Tinggal DPR dari kedua calon tersebut menimbang-nimbang mana yang terbaik berdasarkan kebutuhan KPK saat ini. Kedua calon tersebut adalah pilihan terbaik calon yang ada. Mengenai hal-hal yang sifatnya politis, apakah calon ini menguntungkan Partai A atau B, saya rasa harus dikesampingkan jauh-jauh oleh DPR. Kita memilih Pimpinan KPK untuk kepentingan rakyat, banyak memilih untuk kepentingan segelintir elit partai. Pilihan DPR nanti menentukan nasib bangsa dan negara dalam jangka panjang, terutama apakah Indonesia dapat keluar dari pemiskinan besar-besaran karena uang negara dicuri atau hanya berjalan di tempat yakni rakyat miskin hanya bisa menonton para koruptor berpesta pora.

Berita di Kompas.com (28/8) cukup mewakili bagaimana sosok Bambang dan Busyro. Berikut ini kami copy disini semoga berguna bagi semuanya. Amien..

SELEKSI KETUA KPK

Menimbang Sosok Bambang dan Busyro

Sabtu, 28 Agustus 2010 | 05:24 WIB

Pengantar: Panitia Seleksi Calon Pimpinan Komisi Pemberantasan Korupsi akhirnya memilih Bambang Widjojanto dan Busyro Muqoddas dari 287 calon yang mendaftar. Keduanya dikenal sebagai sosok sederhana dan teruji. Namun, berbeda dengan Bambang Widjojanto yang dikenal sebagai petarung, Busyro Muqoddas cenderung kalem. Kini keputusan ada di tangan DPR untuk memilih satu sosok yang paling cocok untuk memimpin perang melawan korupsi.

Bambang Widjojanto
Sori, ya. Suaranya kurang jelas. Putus-putus, soalnya lagi di kereta, Bos,” kata Bambang Widjojanto (41) dari seberang pesawat telepon, suatu malam.
Demikianlah Bambang. Walaupun memiliki dua mobil di rumahnya di Depok, Jawa Barat, setiap hari dia menumpang kereta rel listrik untuk pulang-pergi ke tempat kerja, selain juga menggunakan ojek, bus kota, dan terkadang taksi.

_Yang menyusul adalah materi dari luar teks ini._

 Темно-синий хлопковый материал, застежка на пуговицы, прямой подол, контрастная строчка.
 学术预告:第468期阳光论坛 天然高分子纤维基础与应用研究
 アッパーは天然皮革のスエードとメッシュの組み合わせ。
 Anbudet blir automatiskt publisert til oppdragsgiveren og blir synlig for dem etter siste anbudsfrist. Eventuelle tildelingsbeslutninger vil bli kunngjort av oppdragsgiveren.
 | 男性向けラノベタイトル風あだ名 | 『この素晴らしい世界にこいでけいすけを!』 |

Kesederhanaan Bambang sangat dikenal kawan-kawannya. Bahkan, saking sederhananya, Sekretaris Jenderal Transparency International Indonesia Teten Masduki secara berseloroh mengatakan, Bambang cenderung kikir terhadap diri sendiri. ”Dia naik angkutan umum dan kereta. Bukan berarti miskin. Di antara teman-teman, dia termasuk kaya,” katanya.

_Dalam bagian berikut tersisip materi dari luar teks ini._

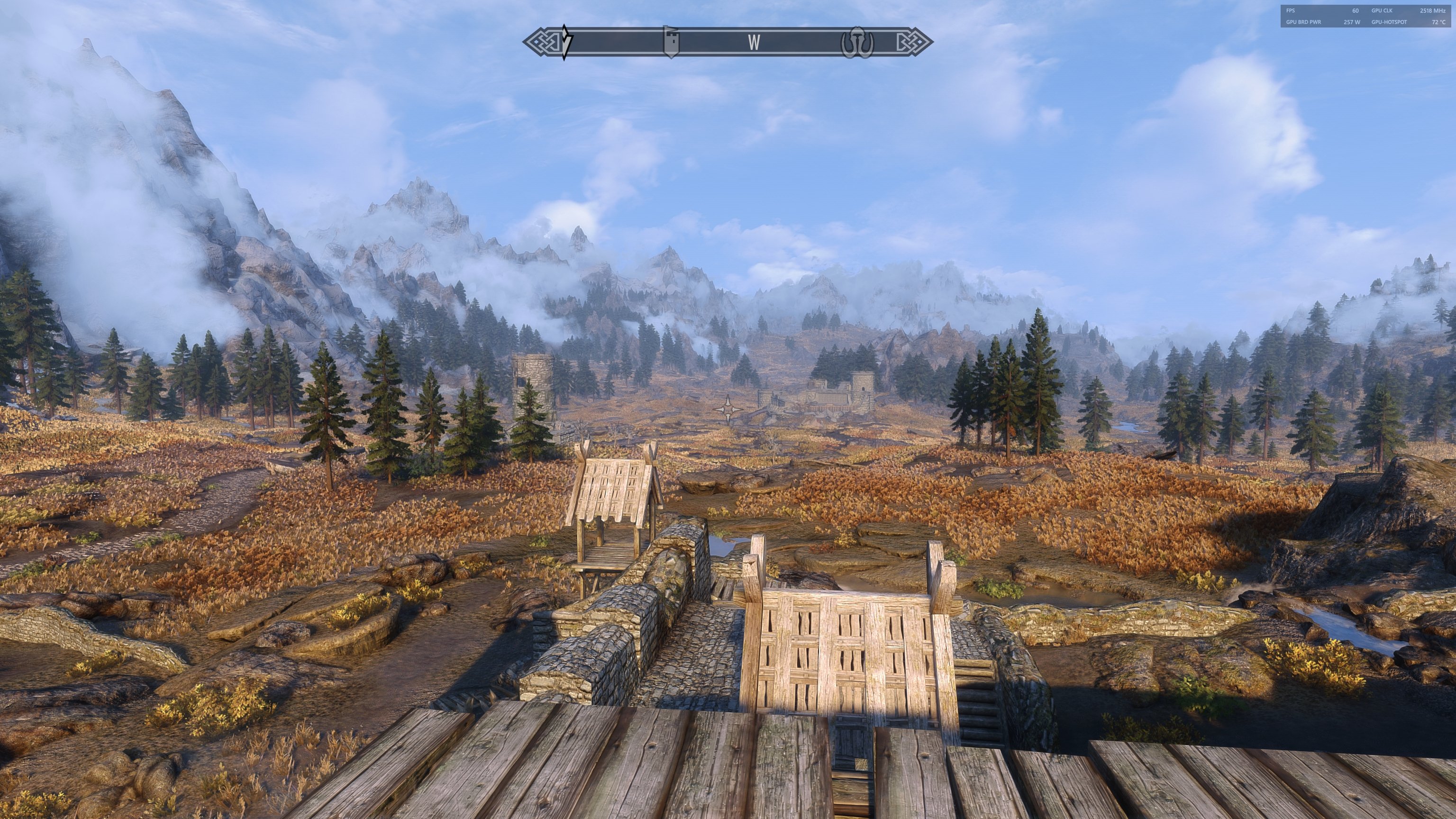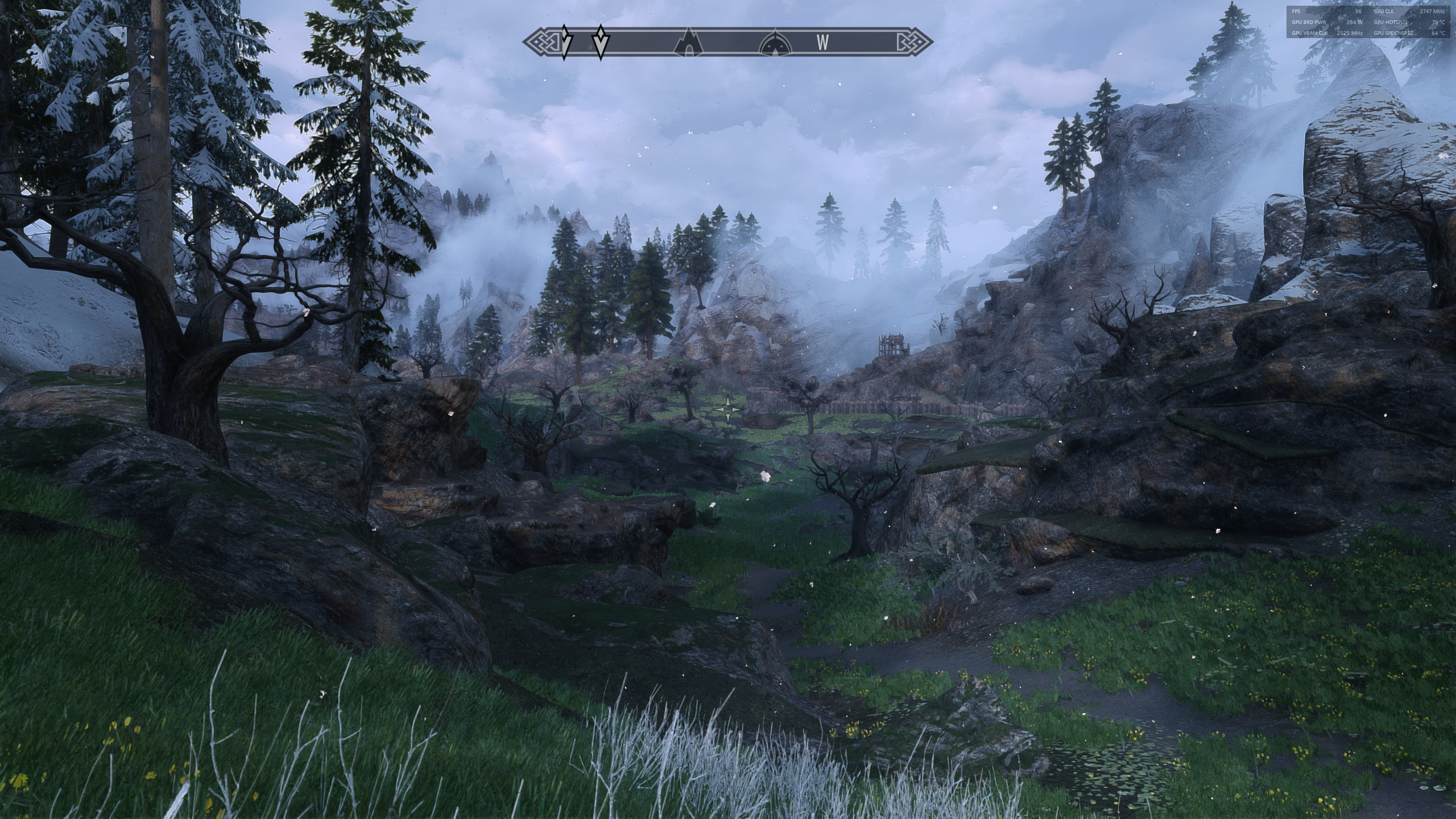 Hier ein bsp für den "grass lod color missmatch fix" durch angepasste Werte in der DynDoLODSSE.ini wie beschrieben. Ohne das ist das Gras im Hintergrund grün anstatt braun, (obwohl man Brown Tundra bei CL gewählt hat). Weitere Shots der Version 2.5f folgen iwann.
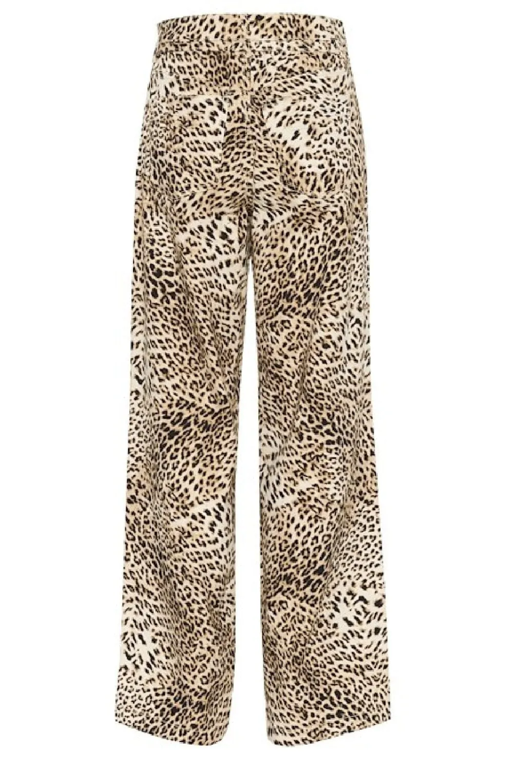 Bukser fra Gestuz med leopardprint i beige og hvide nuancer. Bukserne har høj talje og gulvlængde med en bred benform, der giver god bevægelsesfrihed.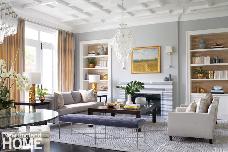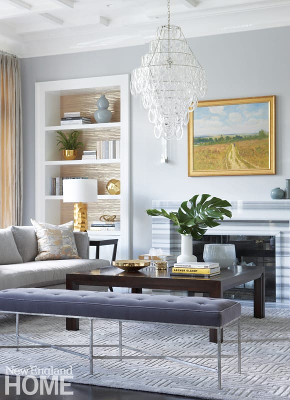 The glittering great room chandeliers are part of a lighting collection that includes Murano glass pendants in the entry hall, a chain-link chandelier over the front stair, and smoky glass globes clustered like grapes on the ceiling of the mudroom. “My original lighting presentation was much more modern, and then we dialed it back,” Morgan Harrison says. But the wife’s positive reaction to those contemporary pieces, the designer notes, “gave me a clue of where she was willing to go.”

Kesaksian itu juga disampaikan Iskandar Sonhaji, rekan Bambang di kantor pengacara Widjojanto, Sonhaji & Partners. ”Dia sederhana dan melihat sesuatu dari kemanfaatannya. Karena itu, sehari-hari dia pilih kereta atau ojek karena lebih cepat,” katanya.

Bersama Iskandar, Bambang banyak menangani sengketa pemilu kepala daerah di Mahkamah Konstitusi dan perdata. ”Kasus pidana tak ada. Kami dari awal komitmen tak mau menjadi pengacara untuk kasus korupsi,” ujar Iskandar, yang mengenal Bambang ketika bersama-sama aktif di Lembaga Bantuan Hukum (LBH) Jakarta tahun 1984.

Daripada membela koruptor, ia memilih menjadi pengacara kasus perceraian. Bambang memang keras menjaga prinsipnya soal korupsi karena di matanya, korupsi adalah kejahatan besar terhadap rakyat, terhadap kemanusiaan.

Bambang adalah sosok yang merakyat. Hampir separuh kariernya dihabiskan sebagai pembela rakyat, khususnya melalui LBH. Sejak tahun 1984 hingga tahun 2000, ia menjadi pembela umum di LBH Jakarta.

Tak cukup di Jakarta, Bambang juga membela rakyat di Papua dengan menjadi Direktur LBH Jayapura tahun 1986 hingga 1993. ”Tak sembarang orang berani ke Papua waktu itu. Apalagi menjadi pembela hak asasi manusia dan tinggal di sana. Keberanian dia sudah teruji, tidak perlu diragukan,” kata Teten lagi.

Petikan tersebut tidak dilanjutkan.